Hans-Joachim Schädlich
Zensur ist die »Kampfmaschine im Reich des Geistes«, so beantwortete Hans-Joachim Schädlich als Brüder-Grimm-Poetikprofessor der Universität Gesamthochschule Kassel die Frage seiner ersten Vorlesung am 17. Dezember 1988: »Über Bedingungen des Schreibens in der DDR und in der Bundesrepublik – oder: Was ist Zensur?« Dass die Wahrheit – auch diese – konkret ist, wie Schädlich sagte, vermittelte sich im vollen Hörsaal des Kunstbereichs der GhK in den ebenso nüchternen wie eindringlichen Selbstauskünften über die Erfahrungen eines »ost-westdeutschen Schriftstellers«, der 1977 aus der DDR in die Bundesrepublik übersiedelte und heute in West-Berlin lebt.

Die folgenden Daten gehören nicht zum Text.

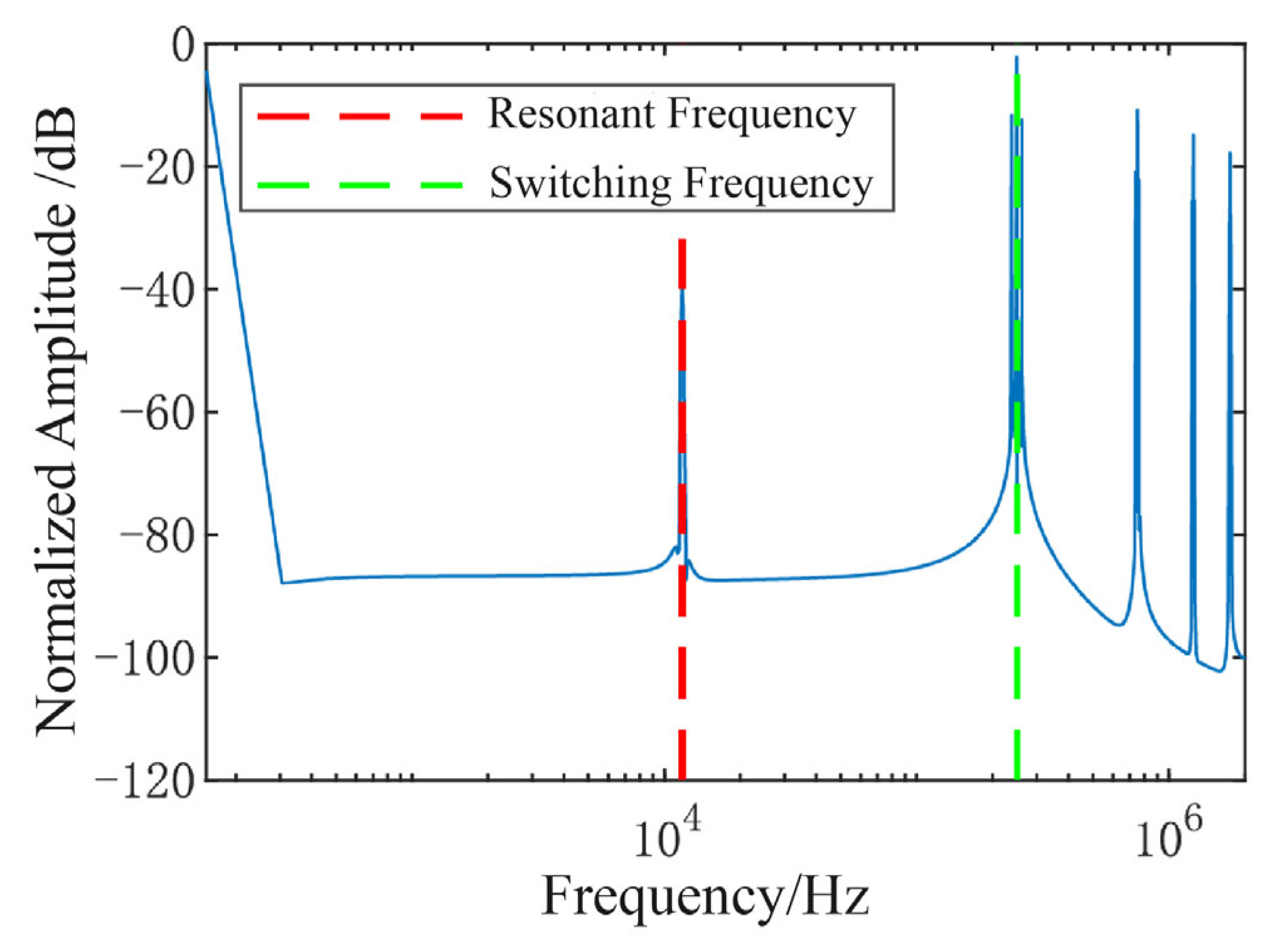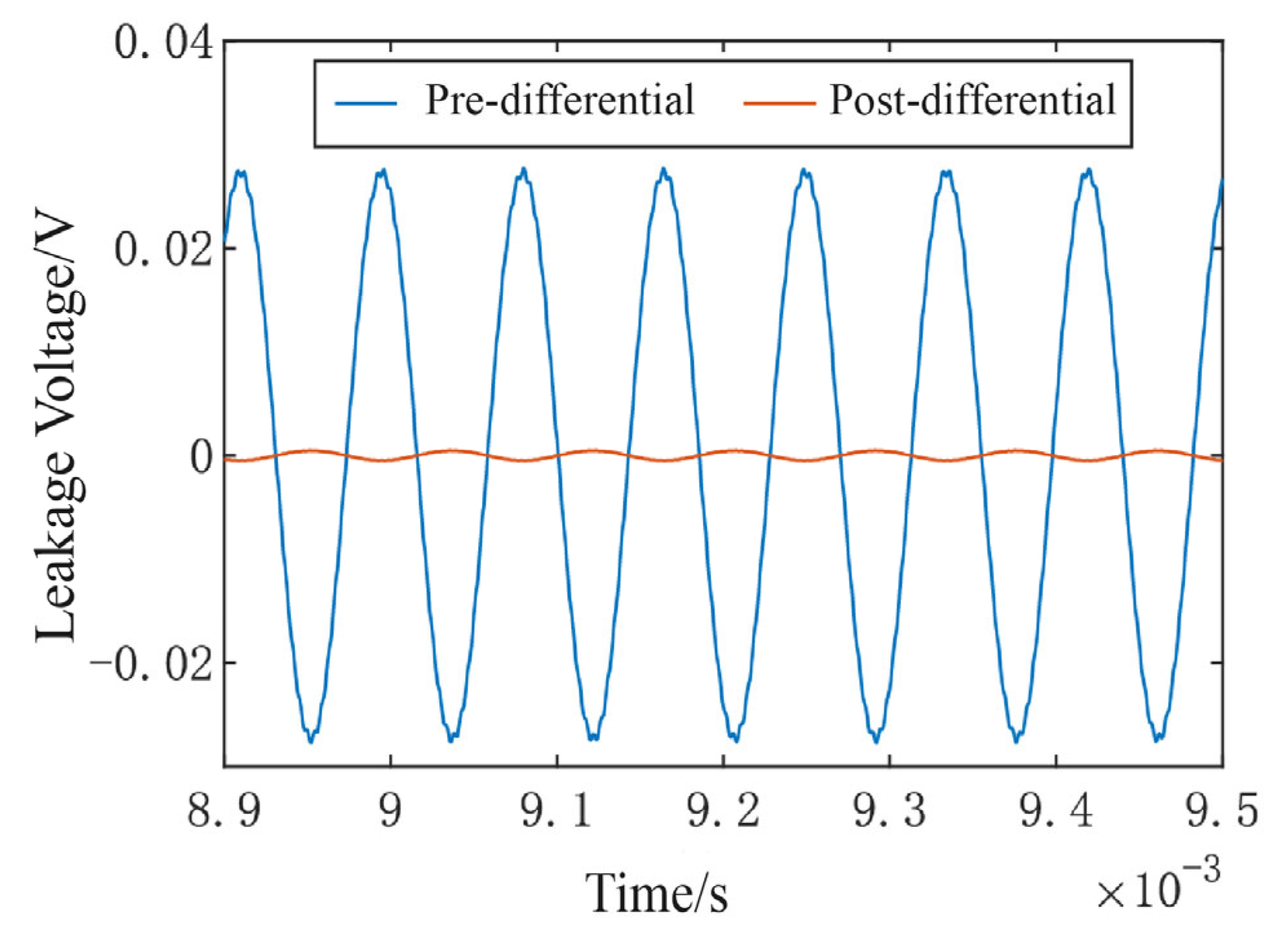 are assumed to be identical, leading to fundamental frequency residual that exhibits a common-mode characteristic. Consequently, such a residual can be effectively suppressed using differential circuit techniques. To verify this behavior, a non-ideal mixed-frequency excitation signal is applied to the feedthrough capacitance model. After passing through a low-pass filter to eliminate high-frequency components, the residual fundamental frequency is extracted and analyzed. The corresponding simulation results are illustrated in

Zensur in der DDR, das machte Schädlich am eigenen Beispiel – aber nicht nur an diesem – deutlich, ist nach wie vor diktatorisch und zielt auf die Existenz. Insofern ist sie mit der in der Bundesrepublik nicht zu vergleichen. Dass sie freilich auch hierzulande grassiert – und zwar in wachsendem Ausmaß – auch das gehörte zu Schädlichs konkreten Wahrheiten.